Minister of Works and Natural Resources
- In office August 2016 – 19 September 2019
- Prime Minister: Enele Sopoaga
- Preceded by: Elisala Pita
- Succeeded by: Sa'aga Talu Teafa

Member of Parliament
- In office 31 March 2015 – 26 January 2024
- Preceded by: Pelenike Isaia
- Succeeded by: Iakoba Italeli
- Constituency: Nui

Personal details
- Born: 18 December 1970 (age 55) Nui, Gilbert and Ellice Islands (present day Tuvalu)
- Party: Independent
- Spouse: Pasuna Tuaga
- Education: Fiji School of Medicine Australian National University

= Puakena Boreham =

Tuvaluan politician

Puakena Boreham (born 18 December 1970) is an anaesthetist who became a Tuvaluan politician, when she was elected to represent Nui in the 2015 Tuvaluan general election. She was not re-elected in the 2024 Tuvaluan general election.

== Medical career ==
Dr Boreham studied at the Fiji School of Medicine and graduated in 1998. She has worked for the Tuvaluan Ministry of Health at the Princess Margaret Hospital as an anaesthetist and as the Medical Superintendent. In 2014 she carried out post-graduate study at the Australian National University in global health diplomacy, global health and foreign policy.

== Parliamentary career ==
She was appointed as the Minister of Works and Natural Resources in August 2016; and served as the minister during the Sopoaga Ministry. She was re-elected in the 2019 general election.

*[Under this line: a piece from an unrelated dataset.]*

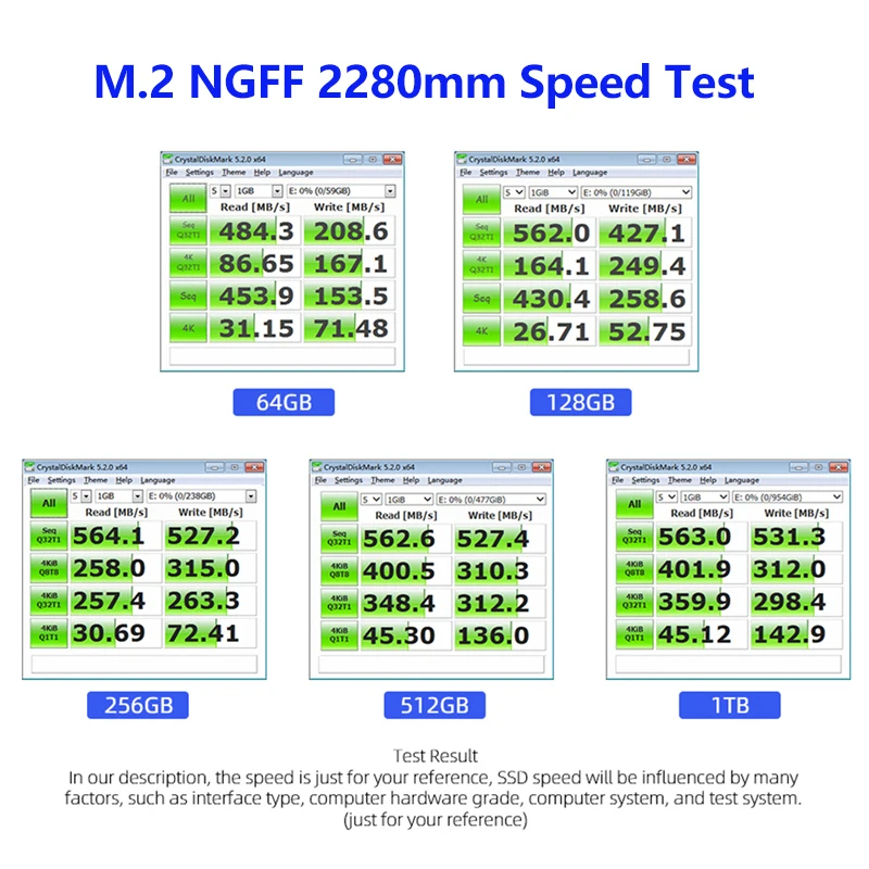(8G≈7,3G, 16G≈14.5G, 32G≈28,6G, 64≈58G, 128G≈118G, 256G≈230.4G, 512G≈476G, 1TB≈930G, 2TB≈1870G)

Dr Boreham was the third woman to be elected to the Parliament of Tuvalu: following Naama Maheu Latasi (1989 to 1997); and Pelenike Isaia (2011 to 2015).

In July 2020, Dr. Boreham was appointed to the Constitutional Review Parliamentary Select Committee. The Final Report of the Constitutional Review Parliamentary Select Committee was published on 12 December 2022. The work of the committee resulted in the Constitution of Tuvalu Act 2023, which amended the Constitution of Tuvalu.